The Pillars of Creation may keep standing tall due to the magnetic field within the star-forming region.
For the first time, scientists have made a detailed map of the magnetic field inside the pillars, made famous by an iconic 1995 Hubble Space Telescope image (SN Online: 1/6/15). The data reveal that the field runs along the length of each pillar, perpendicular to the magnetic field outside. This configuration may be slowing the destruction of the columns of gas and dust, astronomer Kate Pattle and colleagues suggest in the June 10 Astrophysical Journal Letters.

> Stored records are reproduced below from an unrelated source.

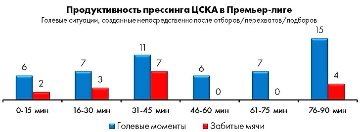 Во-вторых, на отрезке с 31-й по 45-ю минуту армейский прессинг имеет максимальную голевую отдачу.
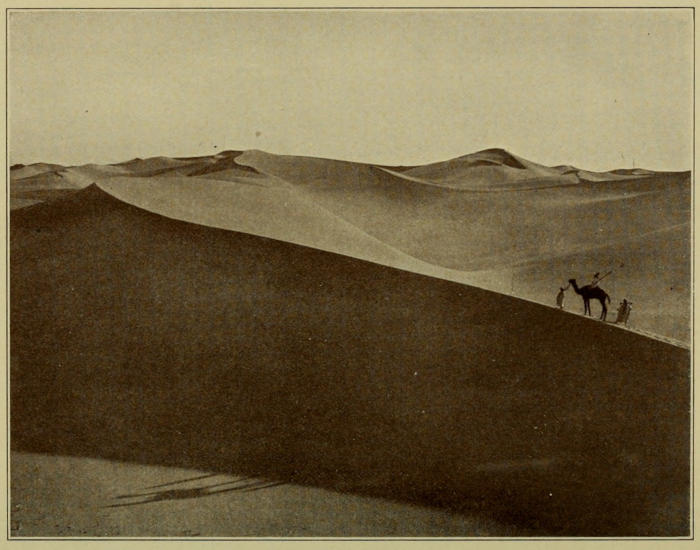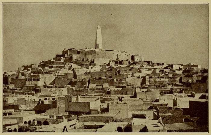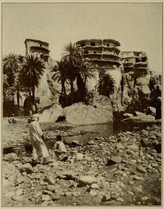 Because in the geographies of our school-days large portions of North Africa were painted a speckled yellow, and because of the pictures of sand-dunes reproduced in certain magazines, we habitually picture the Sahara as a trackless waste of orange sand, on which grows no living thing, little realizing that it is broken by mile-high mountain ranges and dotted with oases, some of them as large as a New England State, which support thousands of inhabitants and millions of date-palms.
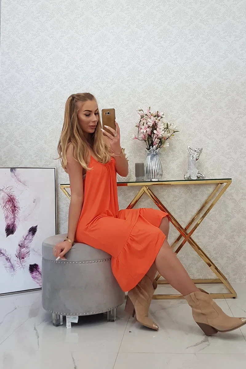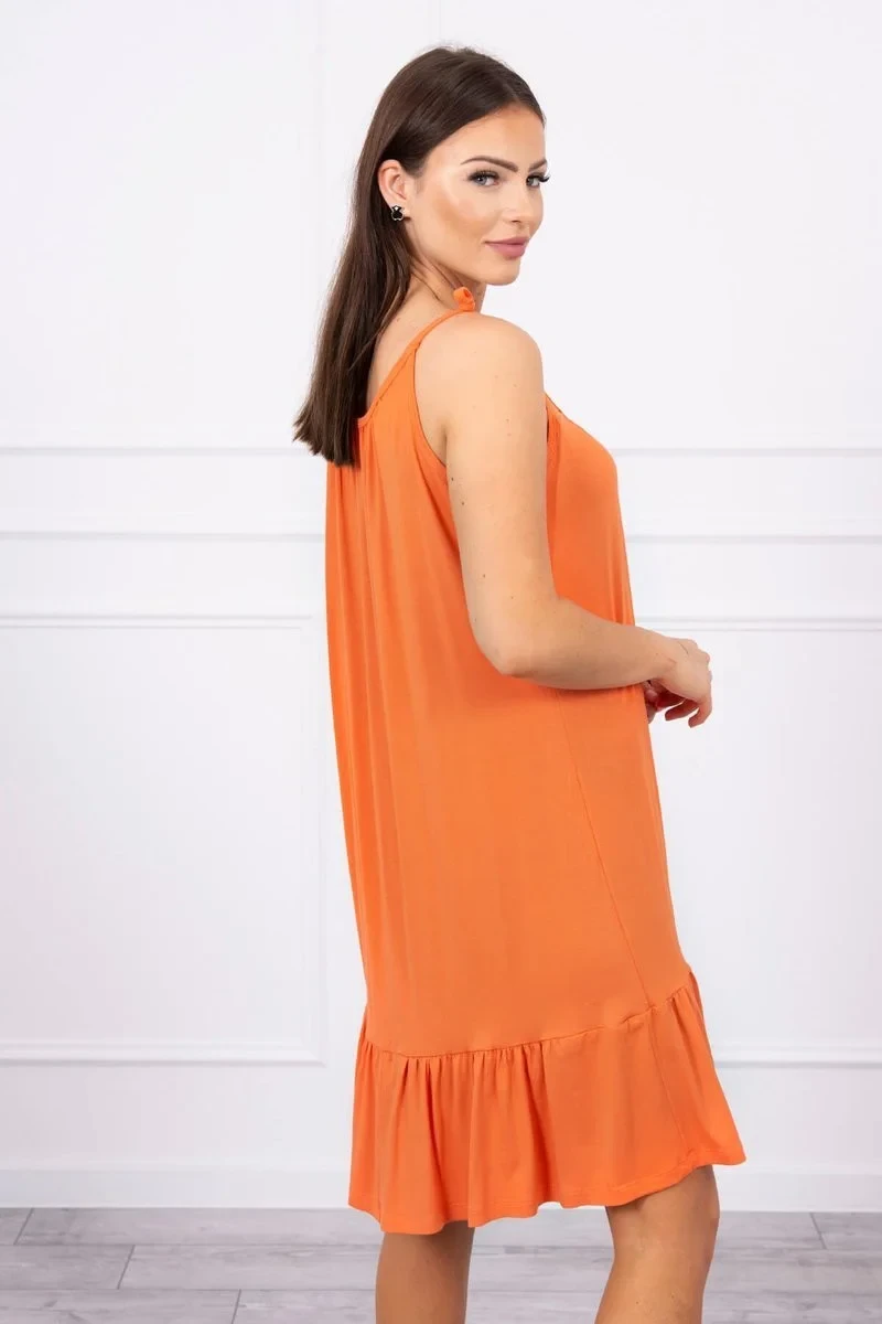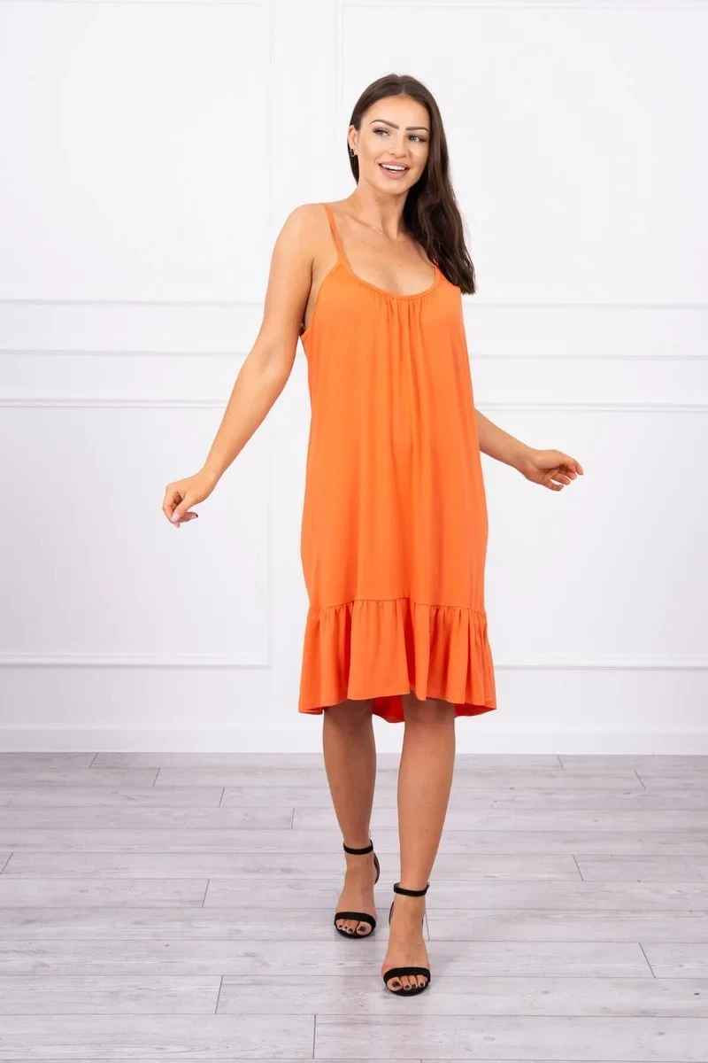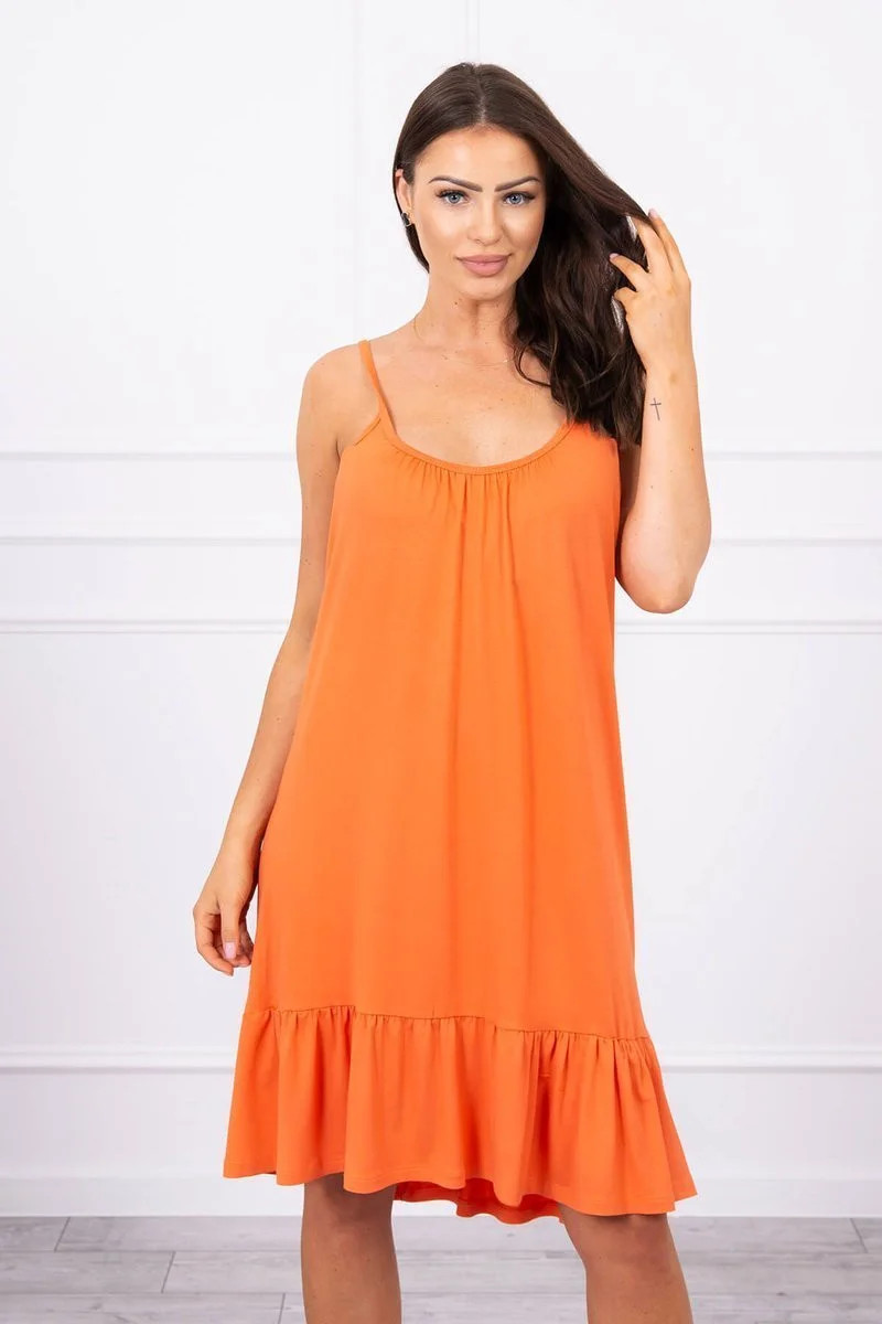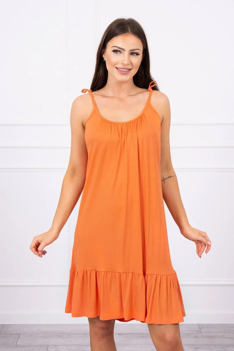 Šaty s tenkými ramínky tmavě meruňkové barvy

Hot ionized gas called plasma surrounds the pillars, located within the Eagle Nebula about 7,000 light-years from Earth. The pressure from that plasma could cause the pillars to pinch in at the middle like an hourglass before breaking up. However, the researchers suggest, the organization of the magnetic field within the pillars could be providing an outward force that resists the plasma’s onslaught, preventing the columns from disintegrating.
The team studied light emitted from the pillars, measuring its polarization — the direction of the wiggling of the light’s electromagnetic waves — using the James Clerk Maxwell Telescope in Hawaii. Dust grains within the pillars are aligned with each other due to the magnetic field. These aligned particles emit polarized light, allowing the researchers to trace the direction of the magnetic field at various spots.

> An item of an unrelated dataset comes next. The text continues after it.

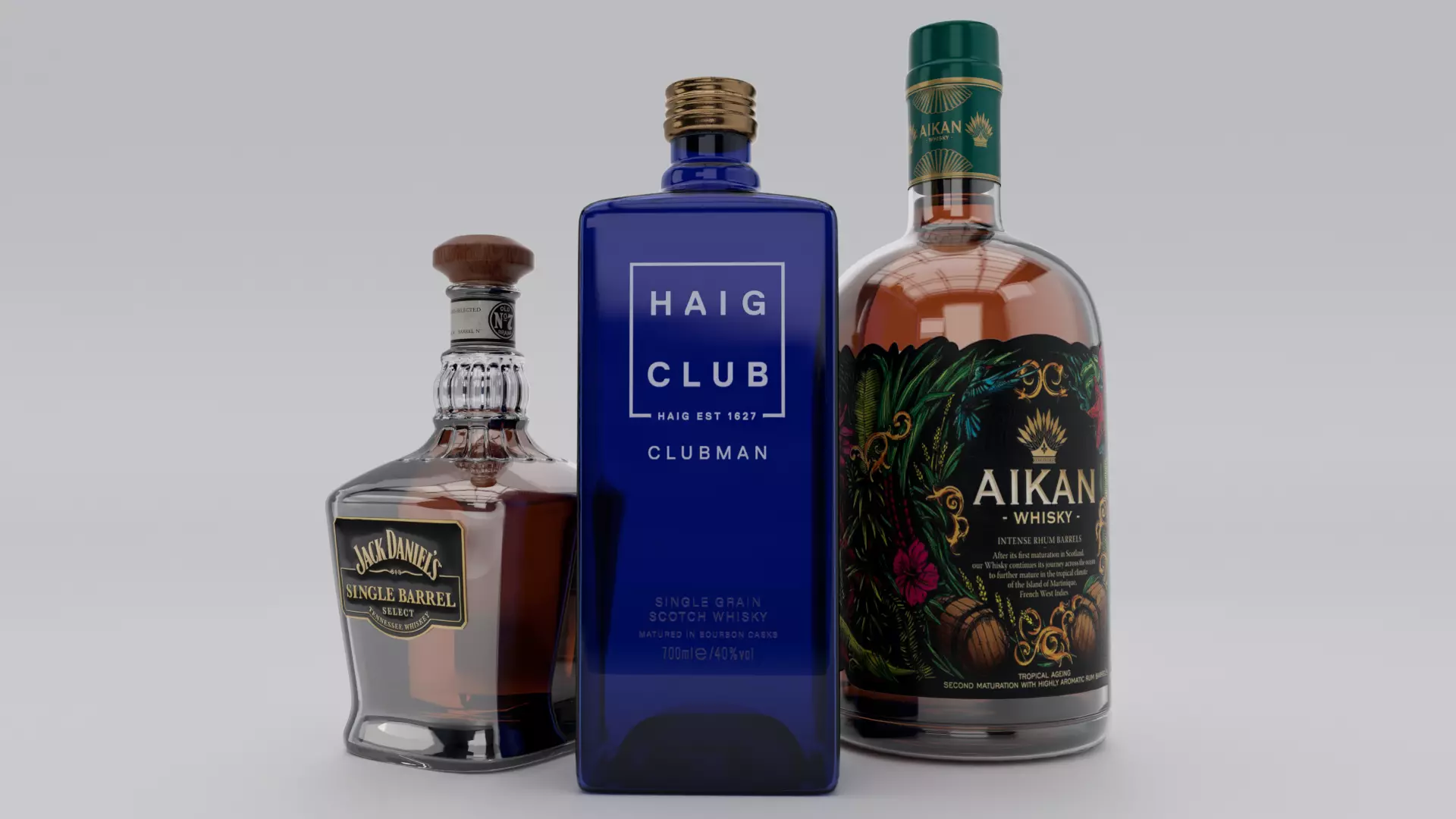 Whisky bottle pack Low-poly 3D model

“There are few clear measurements of the magnetic fields in objects like pillars,” says Koji Sugitani of Nagoya City University in Japan. To fully understand the formation of such objects, more observations are needed, he says.
Studying objects where stars are born, such as the pillars, could help scientists better understand the role that magnetic fields may play in star formation (SN: 6/9/18, p. 12). “This is really one of the big unanswered questions,” says Pattle, of National Tsing Hua University in Hsinchu, Taiwan. “We just don’t have a very good idea of whether magnetic fields are important and, if they are, what they are doing.”